元阿玉不管他們如何勸說,很快的就找到重要的點說了,回去幾個人竟啞口無言。
簡單的說了幾句,畢竟人命關天,也無法在這個地方多扯幾句。
很快便跟着齊修一同到路上走着。
好不容易來到了房間,房間裏面卻是漆黑一片:“怎麽回事,我出門之前确實點了燭火了,怎麽一下子被熄滅了?元姑娘稍等!”

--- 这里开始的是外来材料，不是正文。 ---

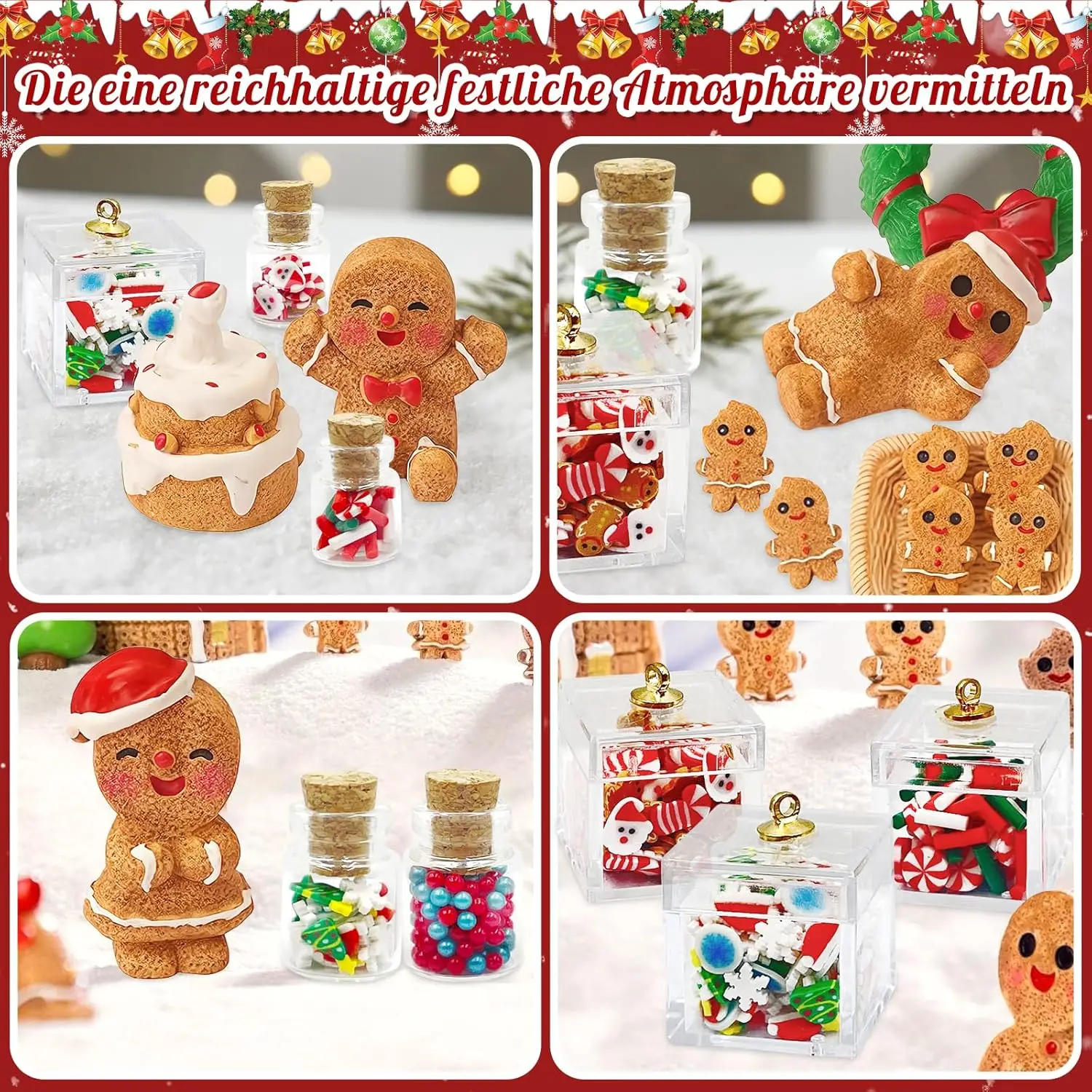 - ARTESANÍA EXQUISITA Cada pieza está cuidadosamente diseñada con texturas intrincadas y colores vibrantes, desde las suaves figuras de pan de jengibre hasta los tarros de dulces en miniatura que añaden alegría navideña a tu decoración.

齊修推門而入,卻不知爲何,房間裏竟一片漆黑,他可記得當時特意把燭火點亮了。
這樣進來的時候也方便。
但也并沒有多言,随手摸索着,便開始點燃燭火。
“啊!”突然一聲驚呼,吓得齊修一抖手,趕緊回眸,卻見黑漆漆的一片,什麽也瞧不見。
而後自己的脖頸處一陣痛,一邊立即暈了過去。
黑衣人趁着這個時候把元阿玉直接給帶走了。
幾經波折,黑衣人終于将元阿玉帶到了一個密室之中,将其小心翼翼的放在一旁的床榻之上,随後向坐在一旁的男子彙報。
“手下已經按着主子所說的那樣,把人給解決了,元姑娘在半道上直接截,并沒有發現是誰。”
坐在椅子上的男子甚是滿意的點了點頭:“下去領賞吧,記得把此處看嚴實了!”
“是!屬下告退!”黑衣男子退下,整個密室之中便隻剩下元阿玉與他。
男子輕輕起身,慢慢的走到床榻邊坐下,伸手撫了,撫沉睡中元阿玉的臉頰。
膚白貌美,嫩滑無比,即便是沉睡中,但是仍然少不了那一絲誘惑。
“真不愧是我看中的人……”男子一直坐在一旁,靜靜的等待着元阿玉的醒來。
之前用的迷藥也支撐不了多久,大約半個時辰之後就已經醒來。
元阿玉緩緩的醒了過來,瞧見眼前的一片竟是陌生的場景,吓得趕緊坐了起來。
“元姑娘讓你受驚了!喝口水吧!”
一個熟悉的聲音從耳邊傳來,猛然回頭,這才瞧見蕭懷義。
“竟然是你!喝水就不必了,你到底想要做什麽?蕭懷恩那件事情是你做的吧?”
元阿玉本是應該前往蕭懷恩的住處給他查看情況,而突然之間出現在這個地方,而且看到的是蕭懷義。那麽這件事情隻有這一個可能性。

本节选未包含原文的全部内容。